### TO DO
Leave out every picture, then transcribe the rest of the listing exactly.

### RECORDED DATA
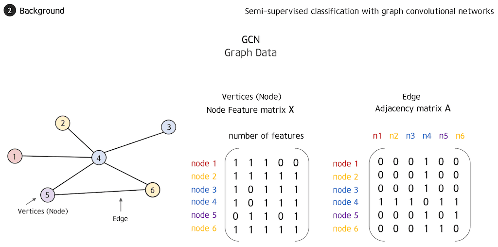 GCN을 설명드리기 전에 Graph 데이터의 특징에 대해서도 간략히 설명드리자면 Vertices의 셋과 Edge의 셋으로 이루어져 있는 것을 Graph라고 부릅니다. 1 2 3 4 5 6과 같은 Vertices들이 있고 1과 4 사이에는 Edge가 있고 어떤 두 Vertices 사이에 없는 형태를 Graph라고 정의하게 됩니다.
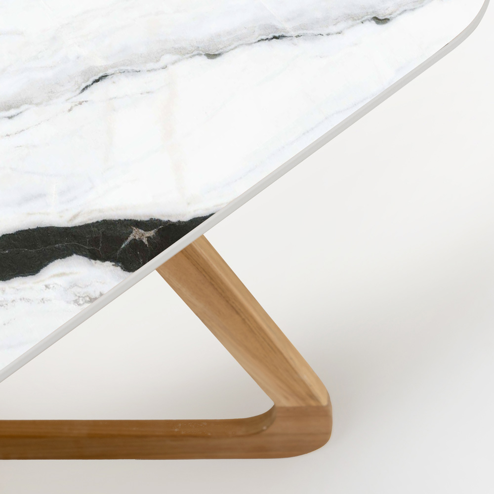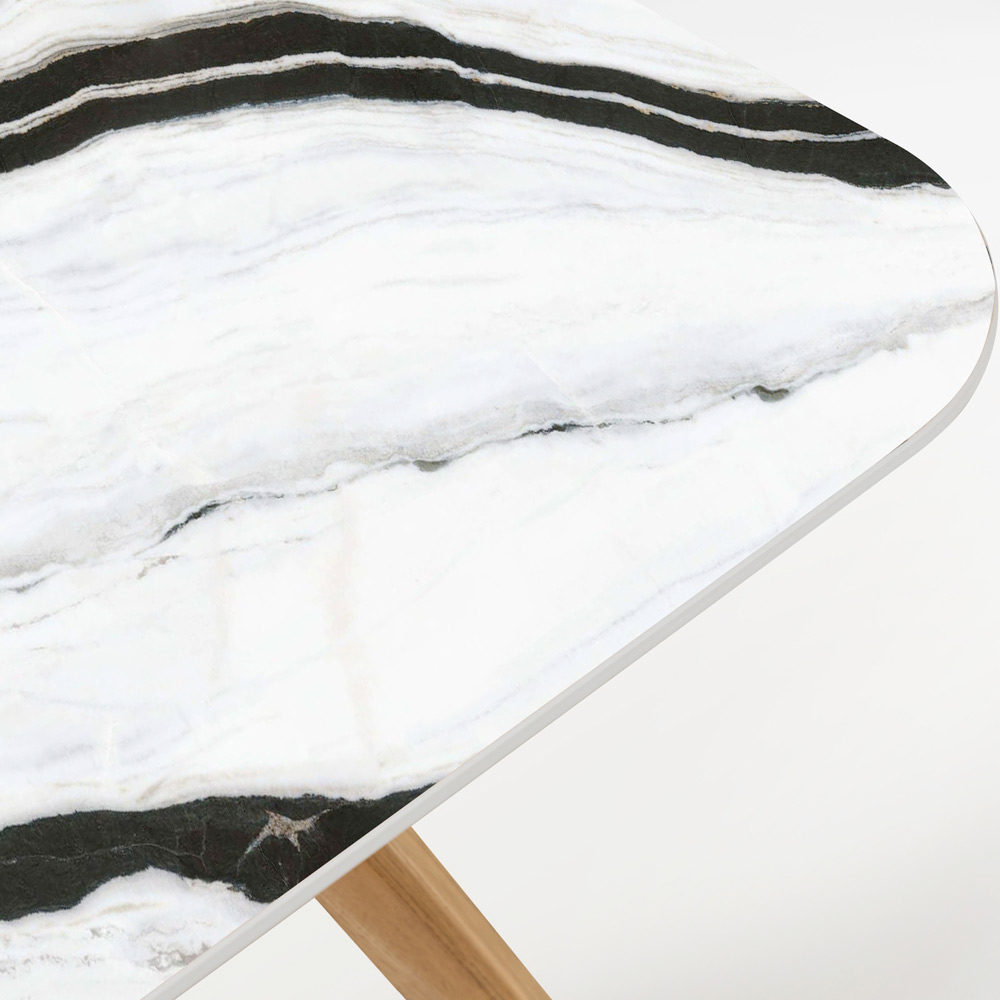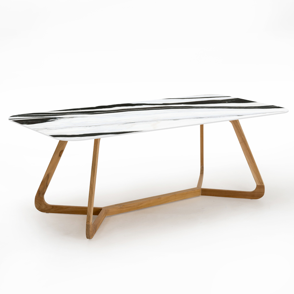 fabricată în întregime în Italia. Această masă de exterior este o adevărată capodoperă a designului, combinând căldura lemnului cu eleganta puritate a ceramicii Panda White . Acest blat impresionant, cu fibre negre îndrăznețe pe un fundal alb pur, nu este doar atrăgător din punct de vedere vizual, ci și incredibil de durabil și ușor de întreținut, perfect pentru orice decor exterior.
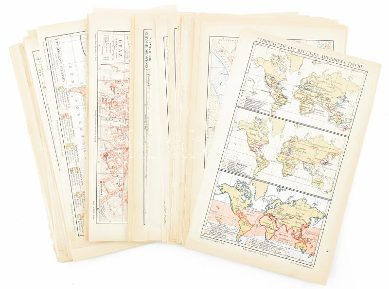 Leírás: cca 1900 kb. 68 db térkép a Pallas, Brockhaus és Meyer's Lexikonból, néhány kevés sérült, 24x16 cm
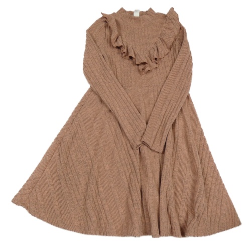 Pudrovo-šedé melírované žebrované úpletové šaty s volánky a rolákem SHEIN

### ANSWER TO THIS TASK
 GCN을 설명드리기 전에 Graph 데이터의 특징에 대해서도 간략히 설명드리자면 Vertices의 셋과 Edge의 셋으로 이루어져 있는 것을 Graph라고 부릅니다. 1 2 3 4 5 6과 같은 Vertices들이 있고 1과 4 사이에는 Edge가 있고 어떤 두 Vertices 사이에 없는 형태를 Graph라고 정의하게 됩니다.
 fabricată în întregime în Italia. Această masă de exterior este o adevărată capodoperă a designului, combinând căldura lemnului cu eleganta puritate a ceramicii Panda White . Acest blat impresionant, cu fibre negre îndrăznețe pe un fundal alb pur, nu este doar atrăgător din punct de vedere vizual, ci și incredibil de durabil și ușor de întreținut, perfect pentru orice decor exterior.
 Leírás: cca 1900 kb. 68 db térkép a Pallas, Brockhaus és Meyer's Lexikonból, néhány kevés sérült, 24x16 cm
 Pudrovo-šedé melírované žebrované úpletové šaty s volánky a rolákem SHEIN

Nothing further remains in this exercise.